I felt like doing an Italian dinner this week so I’m starting off with dessert first, then on Thursday we’ll have the main course. This cake comes in many guises but the premise is always the same, olive oil in place of butter and at least part of the flour is replaced with cornmeal or semolina. Since this cake has a naturally sandy, crumbly texture it would lend itself well to replacing the unbleached flour below with a GF blend.

This cake goes together really quickly. If you want to serve it right away you could skip the glaze. Make sure you use an olive oil that you enjoy, because the flavor really comes through.

It stays moist and keeps well while playing nicely with any berries or other fresh fruit you have on hand for topping. In addition to the peaches here I used a small dollop of fresh goat cheese with honey and lavender, but you could sub in creme fraiche or a greek yogurt too.

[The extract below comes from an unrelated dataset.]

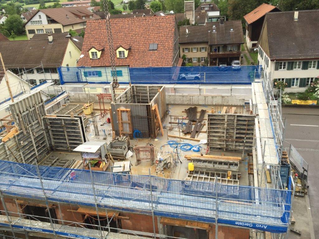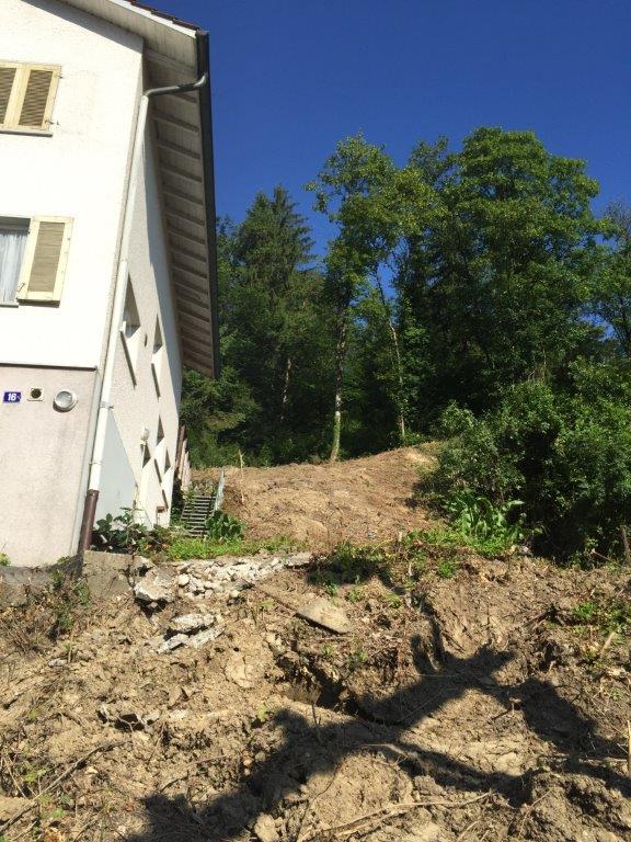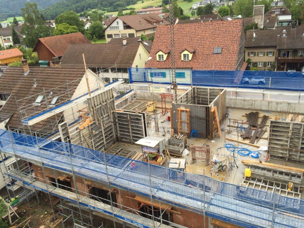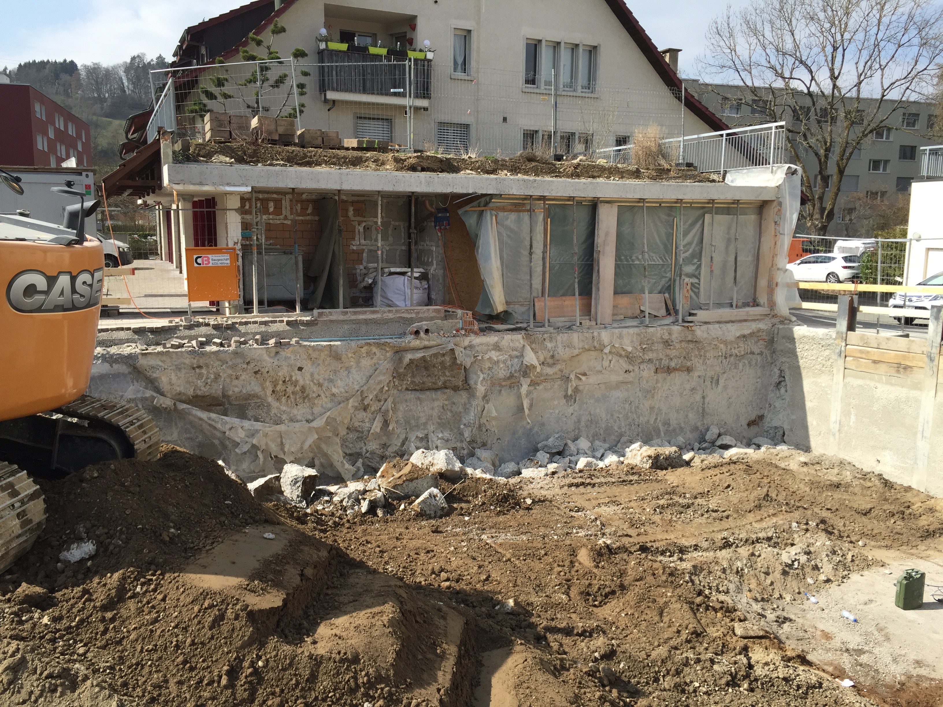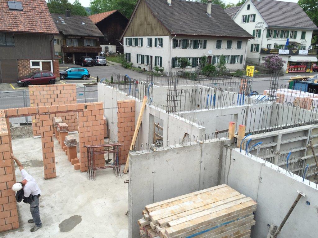Die bestehenden Bauten wurden abgerissen und neu aufgebaut. Im neuen MFH enstanden 4 Wohnungen (3 Mal 3 1/2 und 1 Mal 2 1/2 Zimmerwohungen). Im neu zu Wohnzwecken umfunktionierten Schopf wurde ein schmuckes "Stöckli" (2 1/2 Zimmerwohnung) errichtet.

Semolina Cake with Fresh Peaches, Makes one 8″ cake

  • 1/2 c. olive oil (a citrus flavored oil would be nice as well)
  • 2 eggs
  • 1 c. sugar
  • 1/2 c. white wine
  • 1-1/4 c. unbleached all-purpose flour
  • 1/2 c. semolina pastry flour or fine cornmeal
  • 2 t. baking powder
  • 1 fresh peach, diced
  • Zest of one lemon
  • 2 c. powdered sugar
  • Juice of one lemon or lime

Preheat the oven to 350. Combine the olive oil, wine, eggs and sugar in a bowl. Beat well.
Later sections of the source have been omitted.